§ **Directions for this task**
From the line that contains "Welkom bij de" down to the last line of the listing below, reproduce each line exactly but not the pictures.
*** Opening of Source data ***
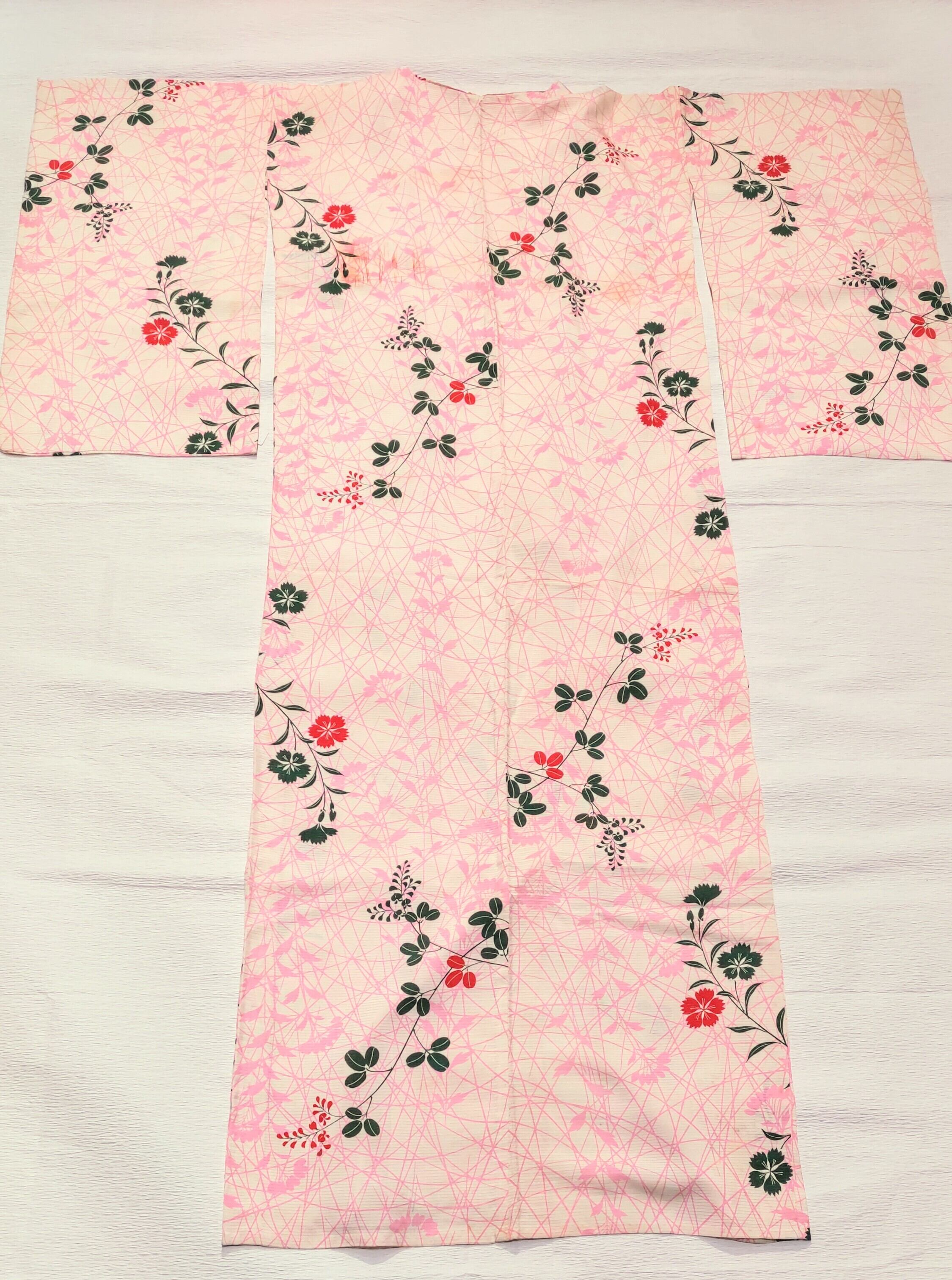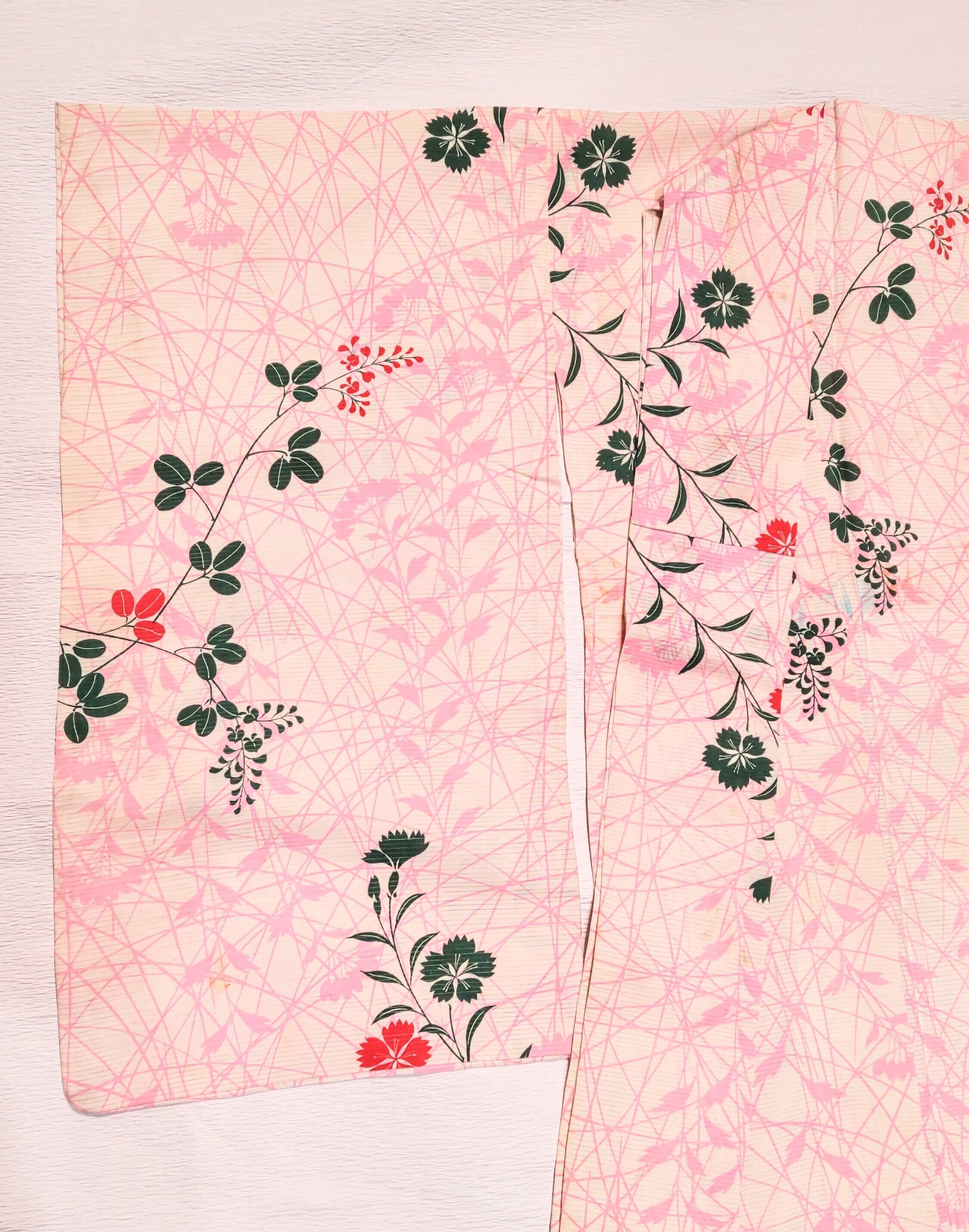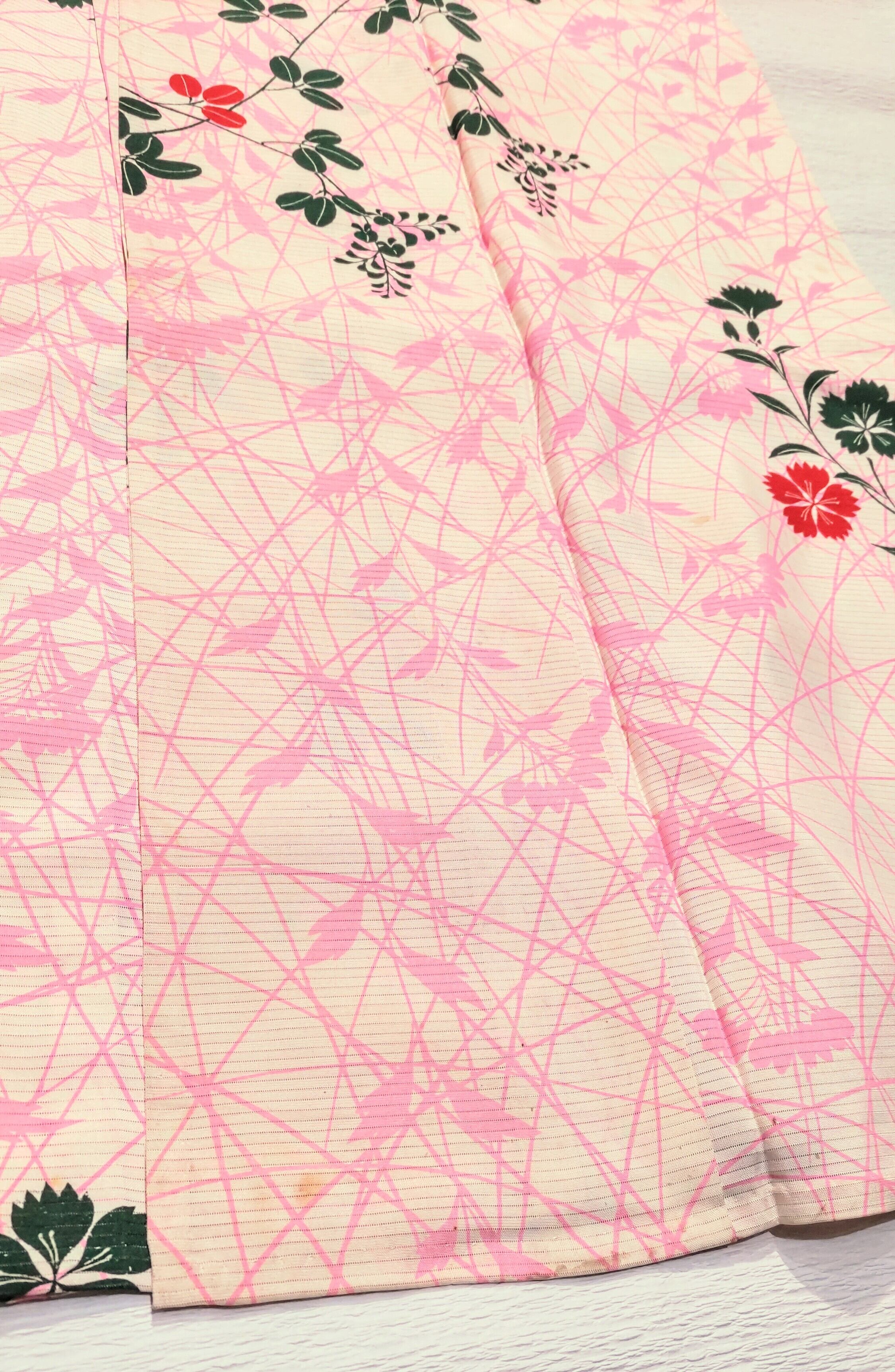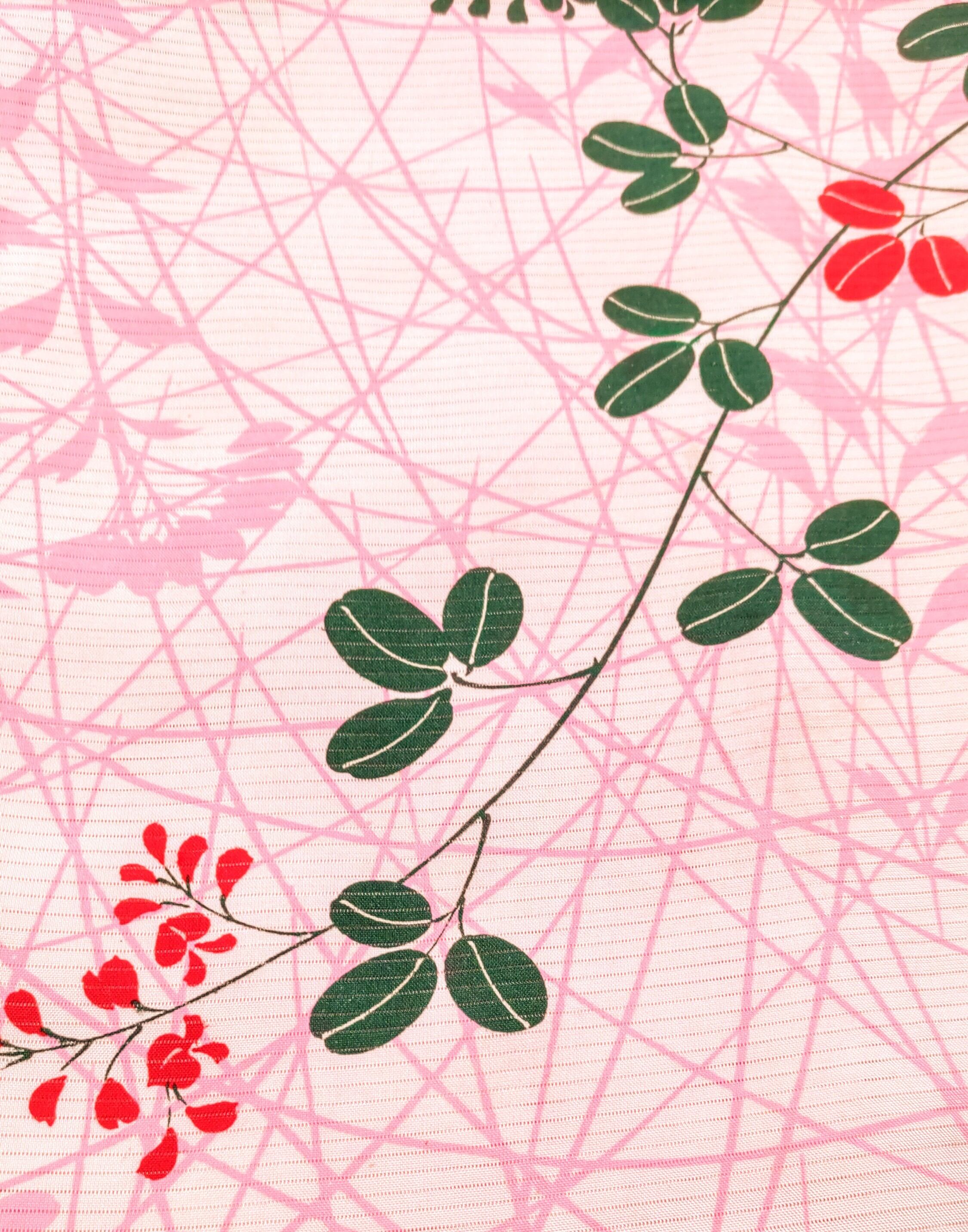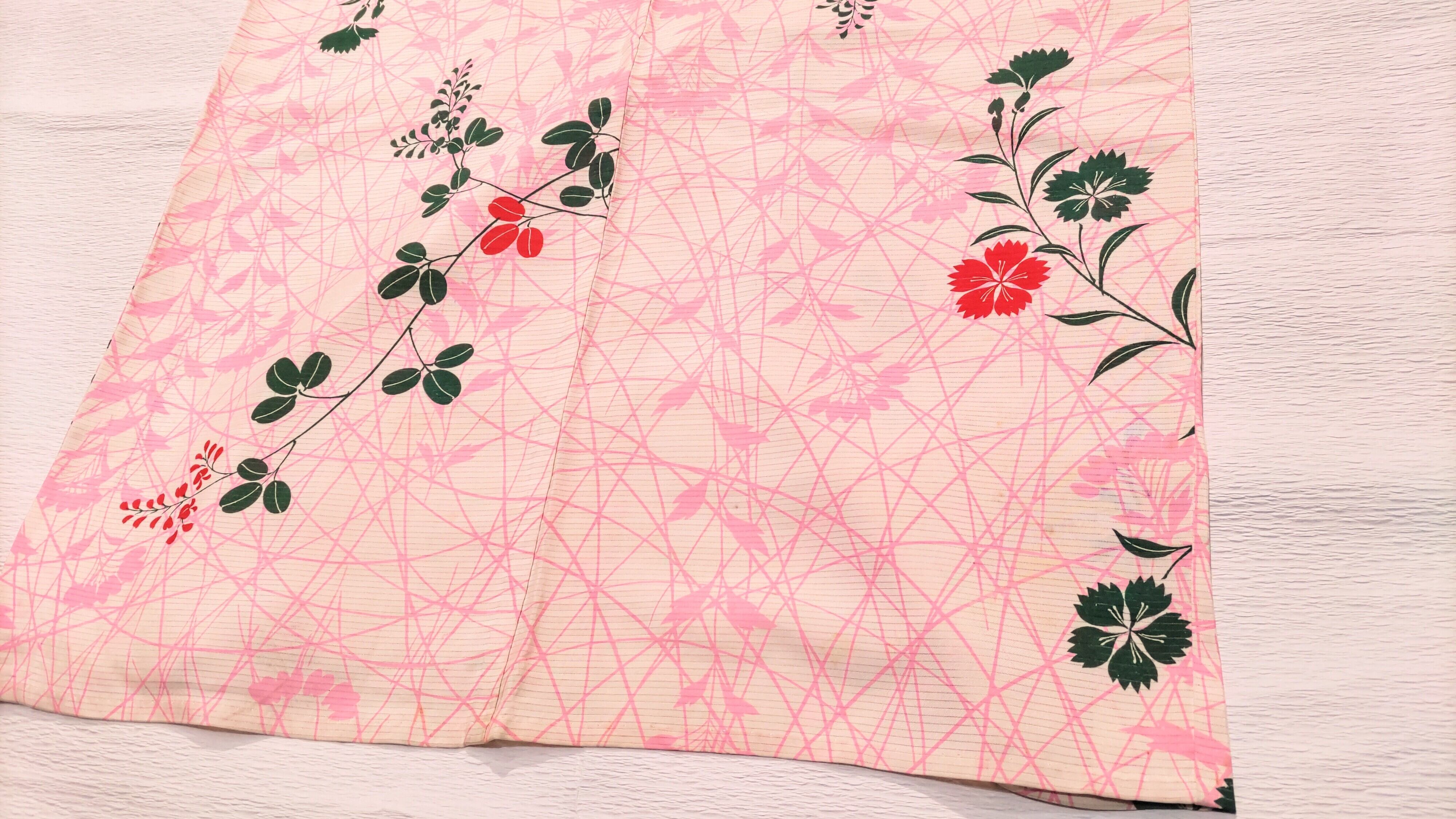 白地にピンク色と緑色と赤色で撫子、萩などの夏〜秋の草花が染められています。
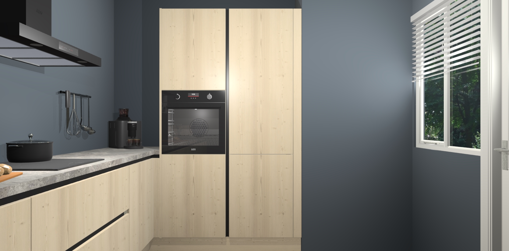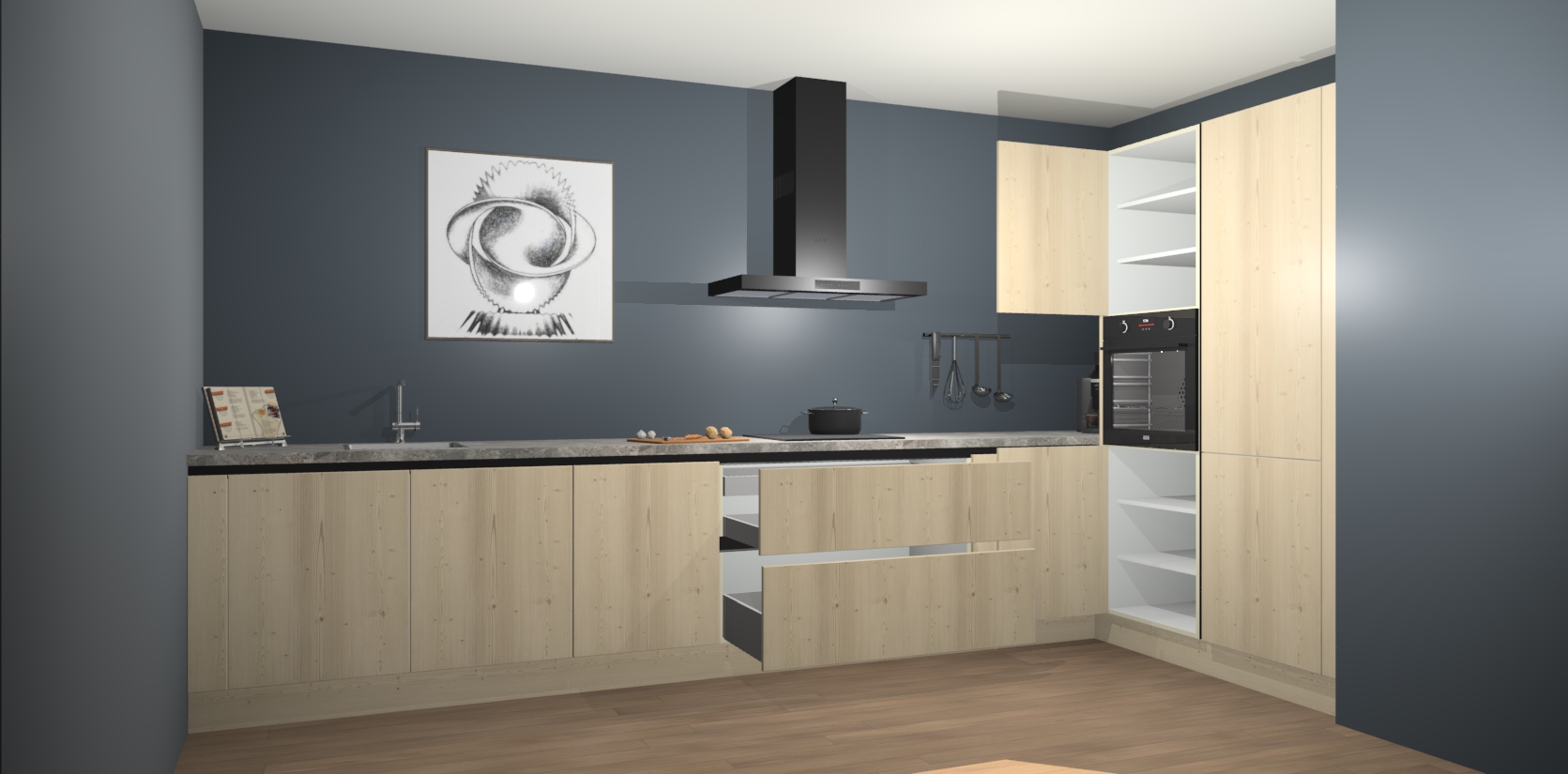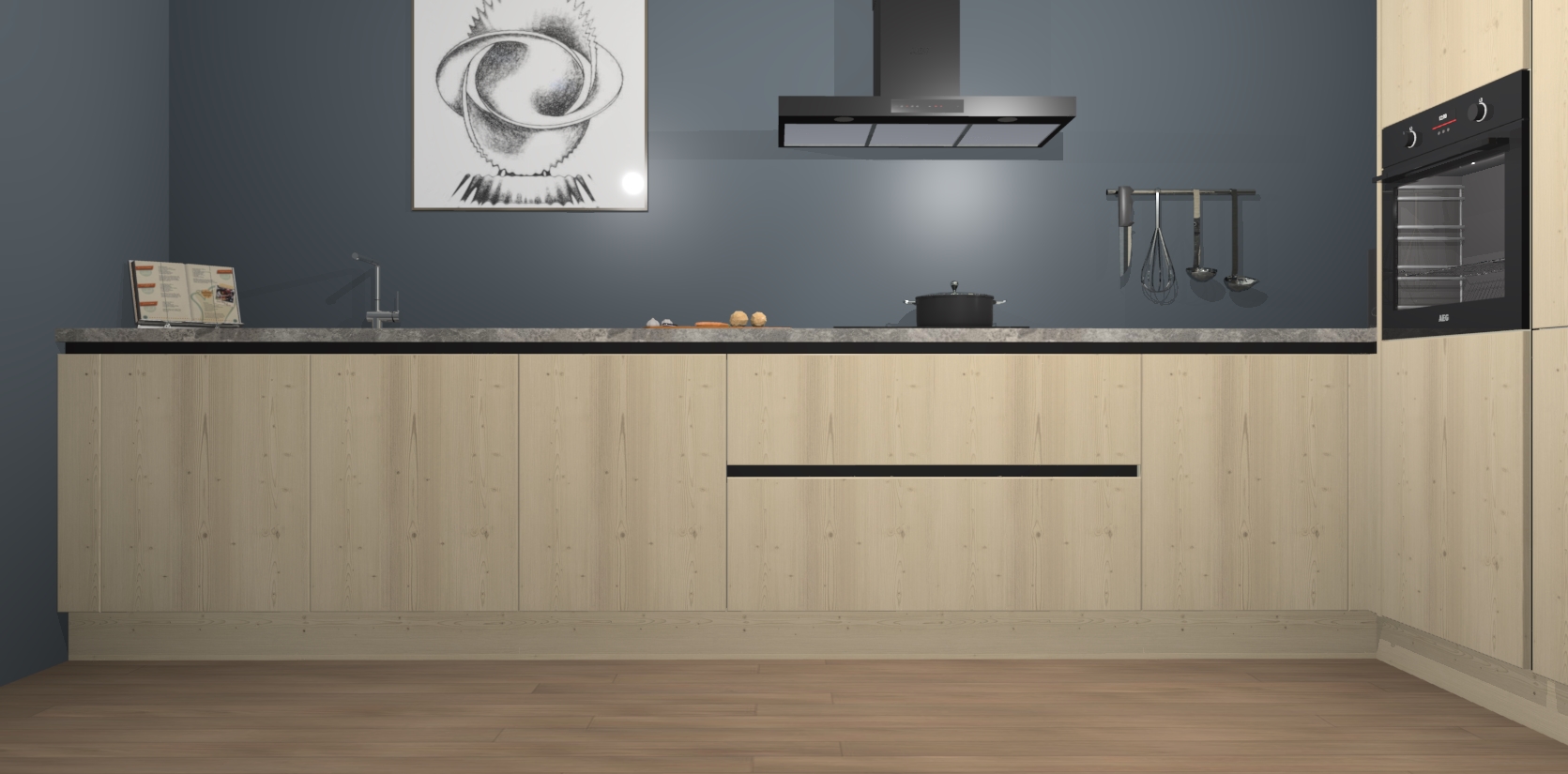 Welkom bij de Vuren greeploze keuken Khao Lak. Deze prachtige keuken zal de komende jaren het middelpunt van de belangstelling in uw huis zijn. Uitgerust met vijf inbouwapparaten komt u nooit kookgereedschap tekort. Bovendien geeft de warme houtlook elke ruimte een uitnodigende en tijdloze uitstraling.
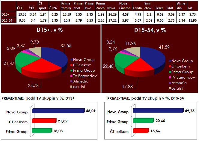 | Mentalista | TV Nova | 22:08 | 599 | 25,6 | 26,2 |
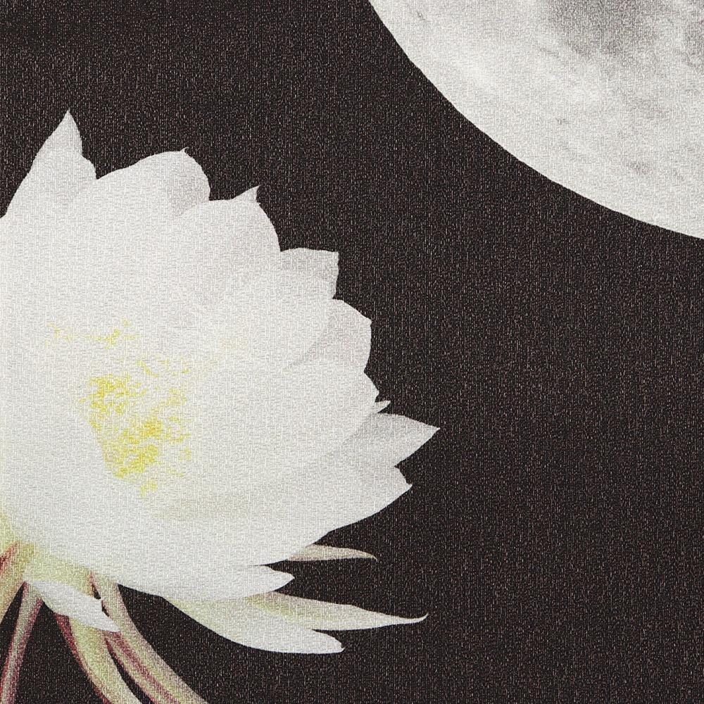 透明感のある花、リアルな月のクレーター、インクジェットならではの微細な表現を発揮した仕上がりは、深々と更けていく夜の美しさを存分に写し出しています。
*** Close of Source data ***
§ **Worked solution**
 Welkom bij de Vuren greeploze keuken Khao Lak. Deze prachtige keuken zal de komende jaren het middelpunt van de belangstelling in uw huis zijn. Uitgerust met vijf inbouwapparaten komt u nooit kookgereedschap tekort. Bovendien geeft de warme houtlook elke ruimte een uitnodigende en tijdloze uitstraling.
 | Mentalista | TV Nova | 22:08 | 599 | 25,6 | 26,2 |
 透明感のある花、リアルな月のクレーター、インクジェットならではの微細な表現を発揮した仕上がりは、深々と更けていく夜の美しさを存分に写し出しています。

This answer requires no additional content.